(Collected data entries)
========================================

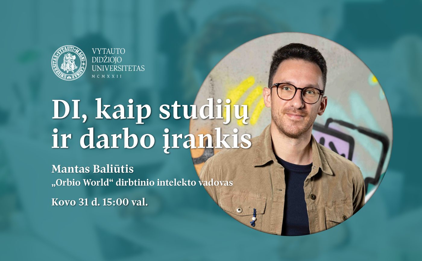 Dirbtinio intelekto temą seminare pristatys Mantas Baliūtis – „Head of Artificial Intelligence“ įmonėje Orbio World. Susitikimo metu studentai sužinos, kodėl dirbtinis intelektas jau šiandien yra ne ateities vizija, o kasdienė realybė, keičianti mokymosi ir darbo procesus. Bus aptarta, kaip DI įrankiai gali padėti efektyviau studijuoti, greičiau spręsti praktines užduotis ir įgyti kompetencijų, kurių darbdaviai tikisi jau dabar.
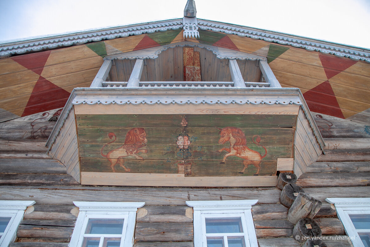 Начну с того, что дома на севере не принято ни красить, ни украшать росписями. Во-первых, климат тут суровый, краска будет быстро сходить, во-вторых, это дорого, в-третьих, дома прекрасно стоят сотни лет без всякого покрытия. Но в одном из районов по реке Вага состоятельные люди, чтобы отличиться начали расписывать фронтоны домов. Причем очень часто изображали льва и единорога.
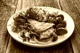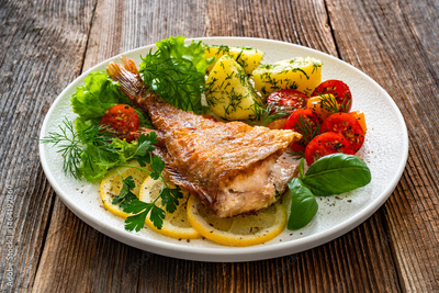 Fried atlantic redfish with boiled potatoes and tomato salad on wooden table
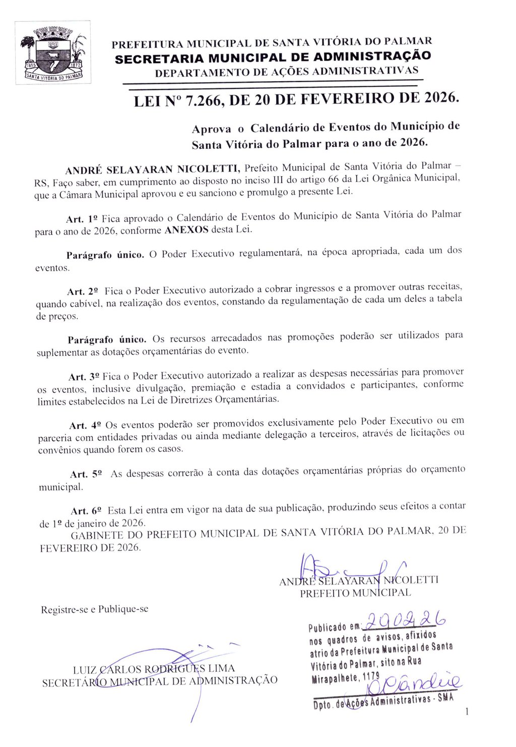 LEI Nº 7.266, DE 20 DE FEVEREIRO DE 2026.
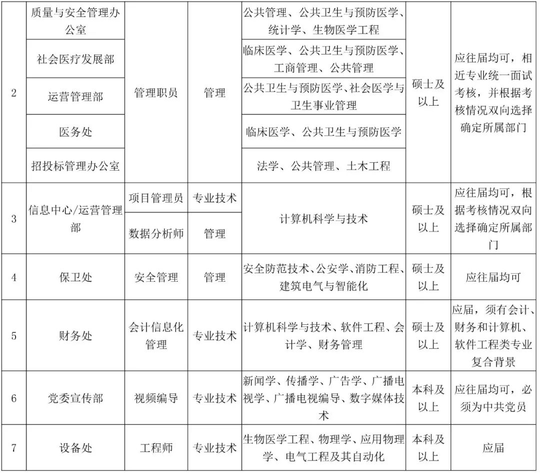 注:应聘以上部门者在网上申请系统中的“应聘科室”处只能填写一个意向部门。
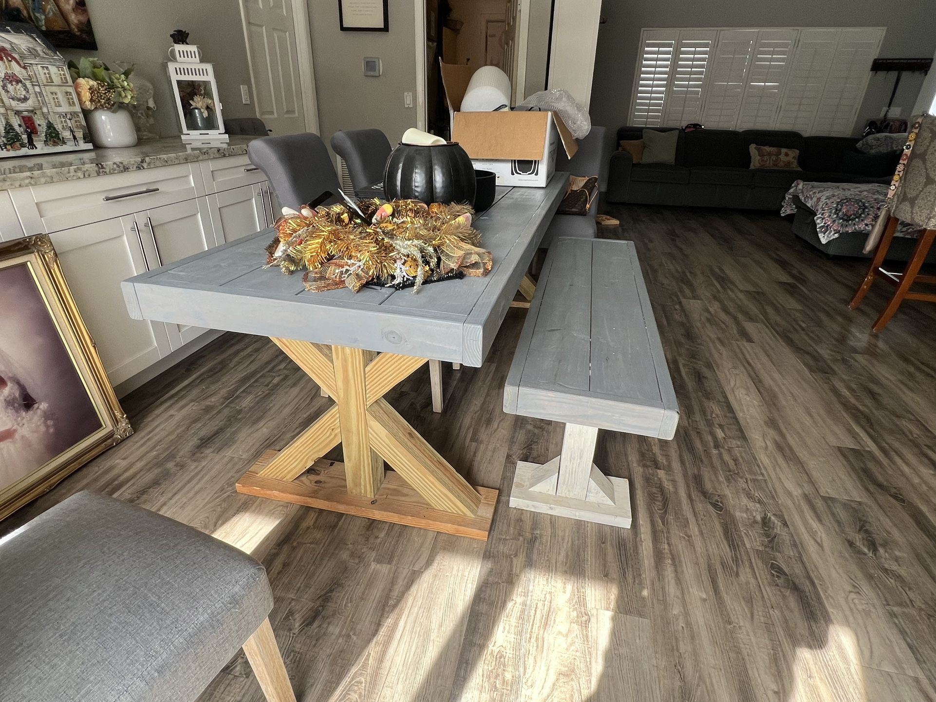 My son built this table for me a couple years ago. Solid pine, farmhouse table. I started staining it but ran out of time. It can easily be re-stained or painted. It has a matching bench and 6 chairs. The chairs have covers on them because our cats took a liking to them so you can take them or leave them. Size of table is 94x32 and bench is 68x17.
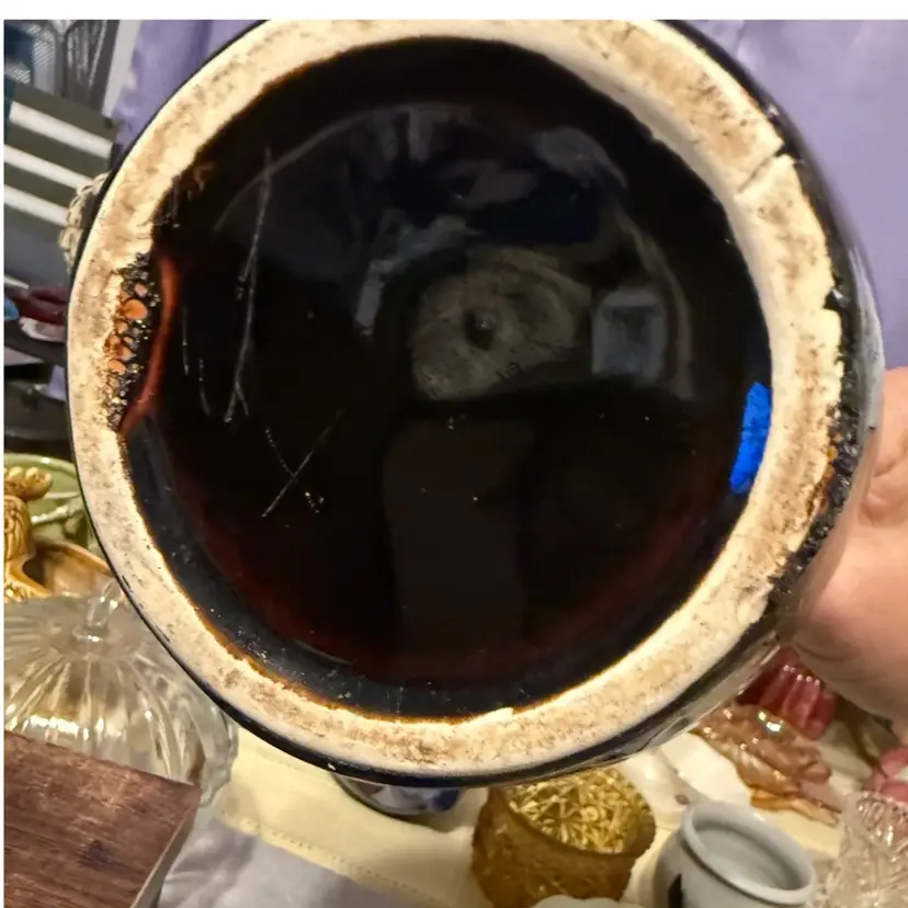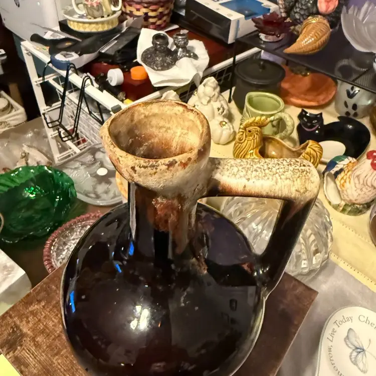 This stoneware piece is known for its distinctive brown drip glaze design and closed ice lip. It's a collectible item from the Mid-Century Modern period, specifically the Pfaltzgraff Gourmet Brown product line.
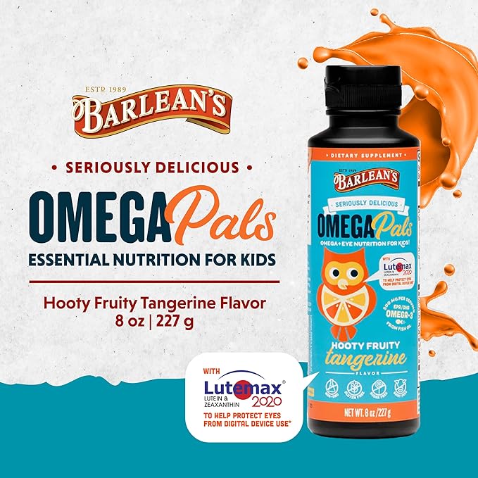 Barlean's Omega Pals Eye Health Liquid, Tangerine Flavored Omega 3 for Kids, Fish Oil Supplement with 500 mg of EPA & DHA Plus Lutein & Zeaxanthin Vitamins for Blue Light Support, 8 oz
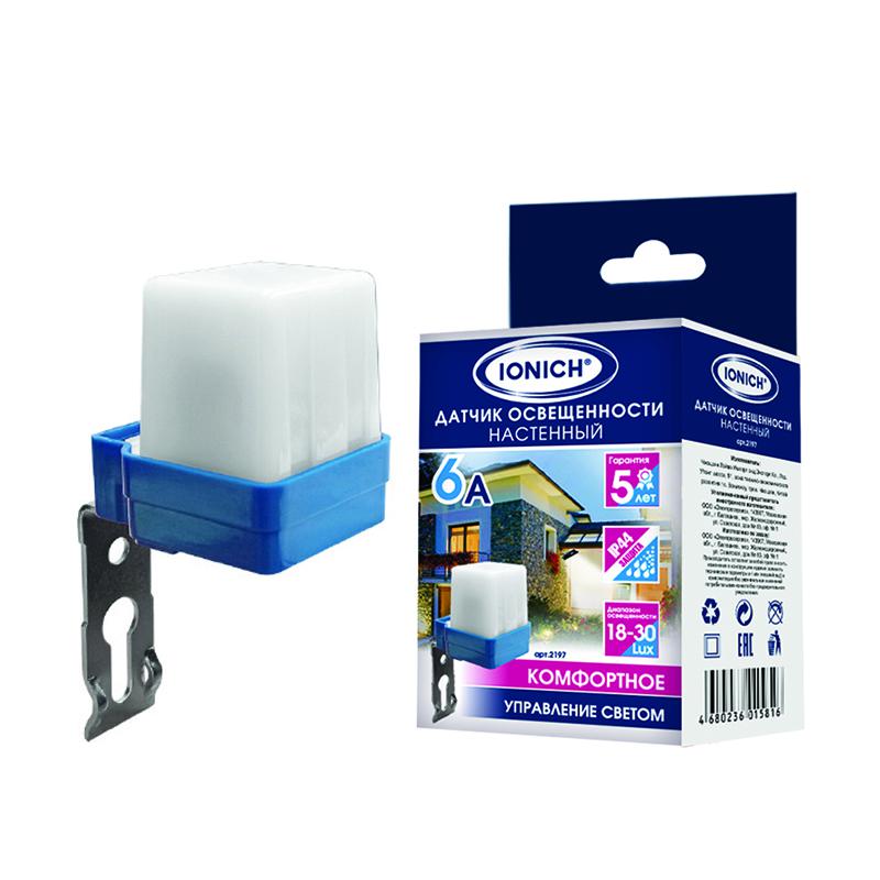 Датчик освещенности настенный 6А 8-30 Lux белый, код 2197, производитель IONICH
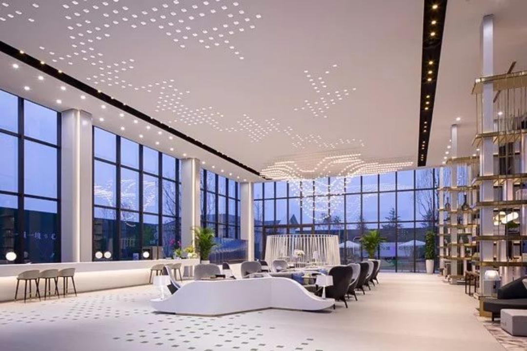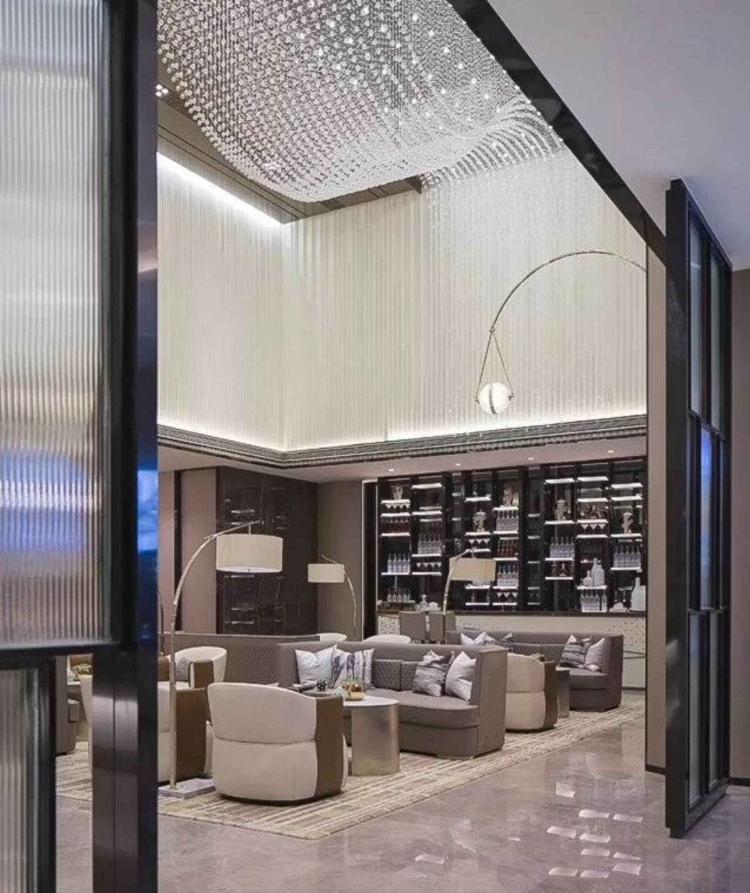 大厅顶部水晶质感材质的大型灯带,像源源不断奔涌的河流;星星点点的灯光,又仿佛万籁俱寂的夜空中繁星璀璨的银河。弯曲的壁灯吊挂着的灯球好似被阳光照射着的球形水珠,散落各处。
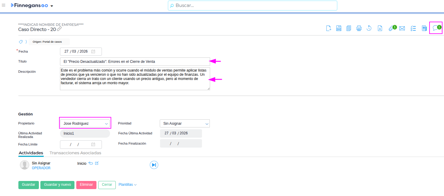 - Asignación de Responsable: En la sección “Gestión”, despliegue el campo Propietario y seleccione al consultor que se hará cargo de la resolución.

========================================

Exercise goal
Retype only the lines above from the one with "Barlean's Omega Pals" through the last, both ends included, keeping every picture out of the copy.

Your response
 Barlean's Omega Pals Eye Health Liquid, Tangerine Flavored Omega 3 for Kids, Fish Oil Supplement with 500 mg of EPA & DHA Plus Lutein & Zeaxanthin Vitamins for Blue Light Support, 8 oz
 Датчик освещенности настенный 6А 8-30 Lux белый, код 2197, производитель IONICH
 大厅顶部水晶质感材质的大型灯带,像源源不断奔涌的河流;星星点点的灯光,又仿佛万籁俱寂的夜空中繁星璀璨的银河。弯曲的壁灯吊挂着的灯球好似被阳光照射着的球形水珠,散落各处。
 - Asignación de Responsable: En la sección “Gestión”, despliegue el campo Propietario y seleccione al consultor que se hará cargo de la resolución.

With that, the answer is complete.